评估测试数据集可以包含以下内容，具体取决于每个内置计算器的要求：

查询：发送到生成式 AI 应用程序的查询
响应：生成式 AI 应用程序生成的查询响应
上下文：生成的响应所基于的源（即基础文档）
基本事实：由用户/人类生成的响应（作为真实答案）

若要查看每个评估器所需的内容，可以在内置评估器文档中了解详细信息。

文本中的对话支持

对于支持文本对话的评估程序，可以提供 conversation 作为输入，这是一个包含 messages 列表（包括 content、role，并可选择包括 context）的 Python 字典。

Python 中的两回合对话示例：

conversation = {
        "messages": [
        {
            "content": "Which tent is the most waterproof?", 
            "role": "user"
        },
        {
            "content": "The Alpine Explorer Tent is the most waterproof",
            "role": "assistant", 
            "context": "From the our product list the alpine explorer tent is the most waterproof. The Adventure Dining Table has higher weight."
        },
        {
            "content": "How much does it cost?",
            "role": "user"
        },
        {
            "content": "The Alpine Explorer Tent is $120.",
            "role": "assistant",
            "context": None
        }
        ]
}

若要使用本地评估运行批处理评估或上传数据集以运行云评估，需要以 .jsonl 格式表示数据集。

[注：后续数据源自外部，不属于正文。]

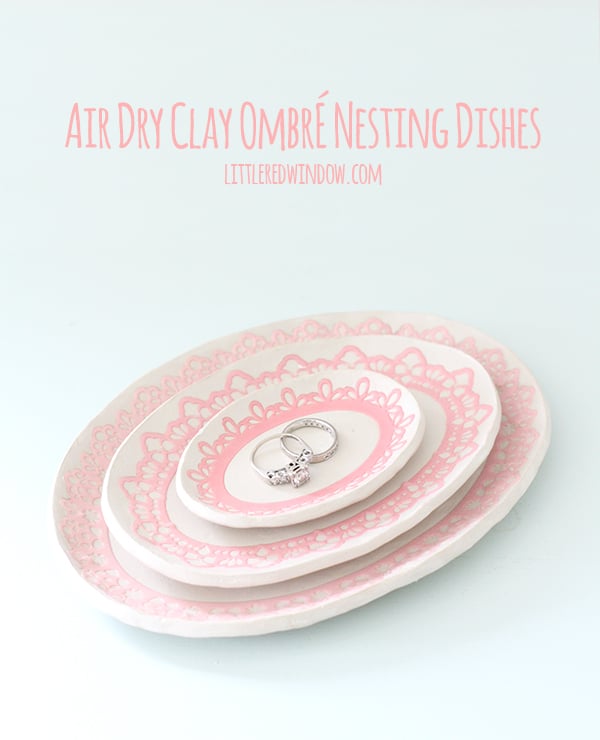 So I randomly grabbed these pretty ombre scrapbook stickers at the craft store a few weeks back. If you you open them up, they’re actually made of some kind of rubbery material with a sticky back. They’re not paper. I had no plans for them. Until one day I saw them sitting next to a new package of clay I ordered and a lightbulb went off. You see, I have a thing for nesting dishes. They’re just so cute and adorable and pretty! I do not, however, have a thing for the price of nesting dishes. I always get so excited when I see them on Etsy or in a store and then I peek at the tag and have a heart attack. I mean, I get that they’re a lot of work to make, but geesh! So I came up with a crazy plan to make my own. I thought they’d look cute sitting on my dresser. Enter the air dry clay. It’s probably not as sturdy as the kind of clay you bake in the oven, but you know what? It’s easier to deal with. And there are no stinky oven fumes. So that’s what I went with. The last time I used air dry clay, I used a different brand and, let me tell you, this brand is so much better. That’s my official review. And here’s how I made these pretty Air Dry Clay Ombré Nesting Dishes!

上一个对话等效于 .jsonl 文件中如下所示的数据集行：

{"conversation":
    {
        "messages": [
        {
            "content": "Which tent is the most waterproof?", 
            "role": "user"
        },
        {
            "content": "The Alpine Explorer Tent is the most waterproof",
            "role": "assistant", 
            "context": "From the our product list the alpine explorer tent is the most waterproof. The Adventure Dining Table has higher weight."
        },
        {
            "content": "How much does it cost?",
            "role": "user"
        },
        {
            "content": "The Alpine Explorer Tent is $120.",
            "role": "assistant",
            "context": null
        }
        ]
    }
}

我们的评估程序明白，对话的第一轮以查询-响应格式提供来自 query 的有效 user、来自 context 的 assistant 以及来自 response 的 assistant。然后将按轮次评估对话，结果会按所有轮次聚合以得出对话分数。

注释

在第二轮中，即使 context 为 null 或一个缺失键，它也会被解释为空字符串而不是失败并出现错误，这可能会导致误导性结果。强烈建议你验证评估数据以符合数据要求。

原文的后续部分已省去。